A semana começou com muito trabalho em Várzea Grande. Logo nas primeiras horas desta segunda-feira (30), a Prefeitura intensificou os serviços de limpeza urbana em avenidas, bairros e praças, reforçando o compromisso com a organização da cidade e o bem-estar da população.

Coordenadas pela Secretaria Municipal de Serviços Públicos e Mobilidade Urbana, as equipes atuam em várias frentes, com ações que incluem capinação, roçagem, retirada de entulhos e manutenção de espaços públicos.

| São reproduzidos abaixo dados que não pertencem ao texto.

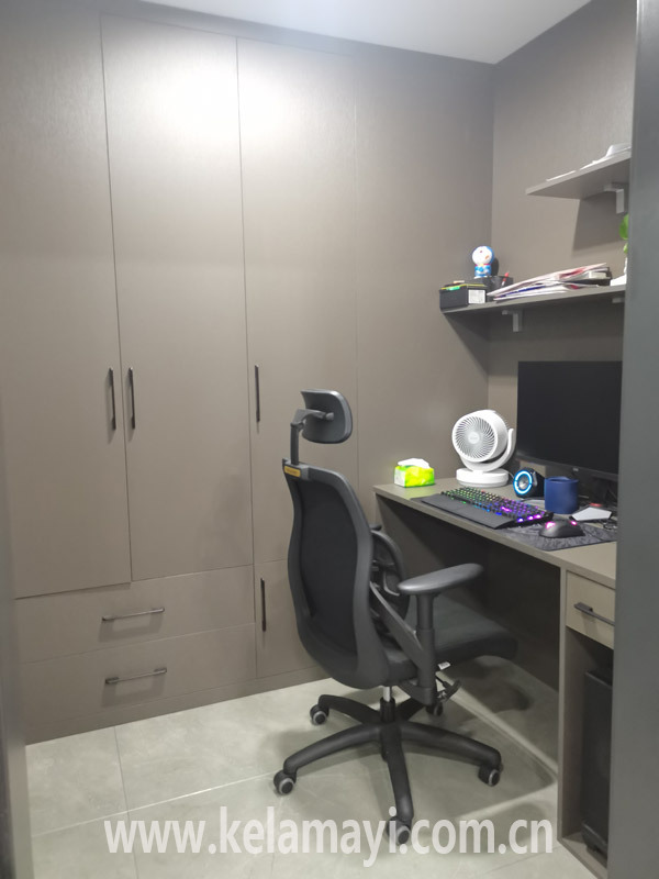 ????吳先生介紹說,他家一進入戶門右手邊有一個面積約30平方米的大臥室,由于臥室門剛好與入戶門相鄰,沒有預留地方做掛衣區(qū)和鞋柜,所以很多業(yè)主選擇將臥室門向內(nèi)移,隔出入戶門廳。?????? 但在吳先生看來,要想解決沒有掛衣區(qū)的問題,還有更好的裝修思路。于是,吳先生通過家居定制的方式,在入戶門右側(cè)做了一個雙面柜,以此對入戶門廳和臥室進行了功能分區(qū)。這樣一來,柜子一邊是掛衣區(qū)、鞋柜,另一邊則隔成了一間小書房和一個大臥室,兩處空間都得到了最大化利用。

Um dos principais pontos atendidos é a Praça da Alfenin, localizada na rotatória próxima ao Centro de Especialidades Médicas, o “Postão”, e à Avenida Livramento, na região central. O espaço, que é referência tradicional da cidade, passa por uma limpeza geral, com apoio de três caminhões caçamba, uma retroescavadeira, uma pá carregadeira e uma equipe formada por 10 trabalhadores. O objetivo é revitalizar a área, garantindo mais segurança, conforto e um ambiente adequado para quem circula pelo local.

Outro ponto que recebe atenção nesta etapa é a Avenida Prefeito Murilo Domingos, onde as equipes realizam a retirada de bolsões de lixo e entulho acumulados ao longo da via, melhorando o aspecto urbano e contribuindo para a prevenção de problemas como alagamentos e proliferação de insetos.

A ação faz parte de um cronograma contínuo da Prefeitura de Várzea Grande, que vem intensificando os serviços de limpeza em diferentes regiões da cidade. Além de promover melhorias visíveis no dia a dia da população, o trabalho também reforça a importância da colaboração dos moradores na conservação dos espaços públicos, especialmente no descarte correto de resíduos.

Com presença constante nos bairros e atuação estratégica em pontos críticos, o município segue avançando na manutenção urbana, garantindo uma cidade mais limpa, organizada e saudável para todos.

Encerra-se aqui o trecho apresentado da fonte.